Friday 19 December 2008

MUC update successful

The MUC service for muc1.virtual-presence.org has been updated successfully and works fine.

MUC update

We're updating the muc1.virtual-presence.org service... while that most of the virtual world is offline for a few seconds.

Thursday 18 December 2008

Points migration finished

The points migration has been finished but the Toplins page will stay offline for a few days.

Tuesday 16 December 2008

MUC server back

The muc1.virtual-presence.org service is up again and works normally.

MUC server issue

The muc1.virtual-presence.org server has a connection issue, so most of the virtual world is offline.
We're working on it.

Wednesday 10 December 2008

Points migration

At the moment we transfer the points to another code base so users may notice a difference between the points while the migration is running.

Tuesday 9 December 2008

Load balancer problems

Our load balancers have a problem with too many connections. Our website is not available at the moment, so several services are unavailable too, like login, wousle, contact list etc.

We're working on it.

Update: All services are unavailable...
2nd Update: All services are back online but there's still work to do with the load balancers.

Thursday 27 November 2008

Contactlist online

Today, we've reactivated the contact list. For new contacts the new infrastructure is already running.

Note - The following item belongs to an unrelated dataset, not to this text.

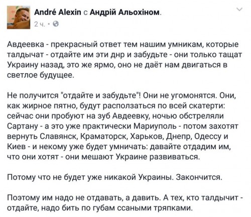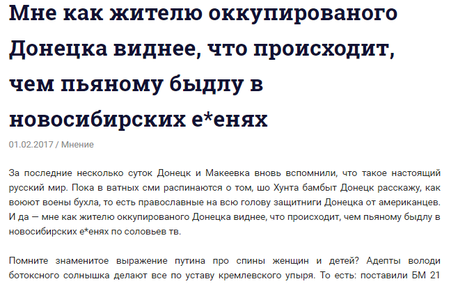 В перекладі с днр-івської на українську: "Лупили по украм та за жопорукістю //ашили лінію, що до нас підходила. Тепер сидимо у пітьмах в своїй Горлівці, шнайпери довбані. А зранку підемо клянчити Правий сектор (заборонено у росії ТМ) щоб поробив нам світло "бо діти мерзнуть"

At the moment, we're migrating the old contacts to the new infrastructure. This will take some hours.

Wednesday 26 November 2008

XMPP Failure

One of our XMPP services failed and needed to be restarted. A part of the virtual world was unavailable for about 4 minutes.

Wednesday 19 November 2008

Moving Users Between Clusters

We're moving some users between the clusters again to balance the load between them. Users will detect a normal short reconnect when they have moved.

Thursday 13 November 2008

Moving Users Between Clusters

Currently we're moving some users between the XMPP clusters to balance the load between them. Users will detect a normal short reconnect when they have moved.

Wednesday 12 November 2008

Chat Server Lag

A room server has very high lag. We are investigating.

Update: only the connection between XMPP cluster 1 and one chat server lags.

Update: during the investigation the room server crashed due to strange memory conditions. After the restart everything is back to normal.

Scheduled XMPP downtime

We will have a scheduled XMPP maintenance window today from 16:15am to 16:20am UTC to add performance updates.

Tuesday 11 November 2008

XMPP failure in Cluster 1, restarted

XMPP cluster 1 failed. Restarted multiple times to reestablish all connections.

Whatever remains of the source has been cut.